De man heeft geen verweerschrift ingediend.
Bij beschikking van 25 oktober 2004 heeft de rechtbank geoordeeld dat het verzochte de rechtbank niet onrechtmatig of ongegrond voorkomt en heeft de rechtbank bepaald dat de man met ingang van 24 september 2002 als bijdrage in de kosten van verzorging en opvoeding van [de kinderen] € 113,45 per kind per maand zal voldoen.

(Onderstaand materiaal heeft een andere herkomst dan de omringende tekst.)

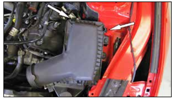
6. Release the clips that secure the upper air filter housing and then remove the upper air filter housing from the vehicle.

1.4 De man is van deze beschikking in hoger beroep gekomen bij het gerechtshof te Arnhem. In appel heeft hij aangevoerd dat de tussen partijen gesloten overeenkomst van de aanvang af niet aan de wettelijke maatstaven heeft voldaan en dat zijn draagkracht ontoereikend is om enige kinderalimentatie te betalen.
De vrouw heeft de stellingen van de man betwist.
Bij beschikking van 21 juni 2005 heeft het hof geoordeeld dat de man "enkel aan de in de overeenkomst van 4 oktober 2002 vastgestelde onderhoudsverplichting jegens de kinderen kan ontkomen door wijziging of intrekking van die overeenkomst te vragen op grond van het bepaalde in de leden 1 en 5 van artikel 1:401 BW", dat de man daartoe in eerste aanleg een zelfstandig verzoek had kunnen doen en dat dit niet voor het eerst in hoger beroep kan worden gedaan. Vervolgens heeft het hof de bestreden beschikking van de rechtbank bekrachtigd.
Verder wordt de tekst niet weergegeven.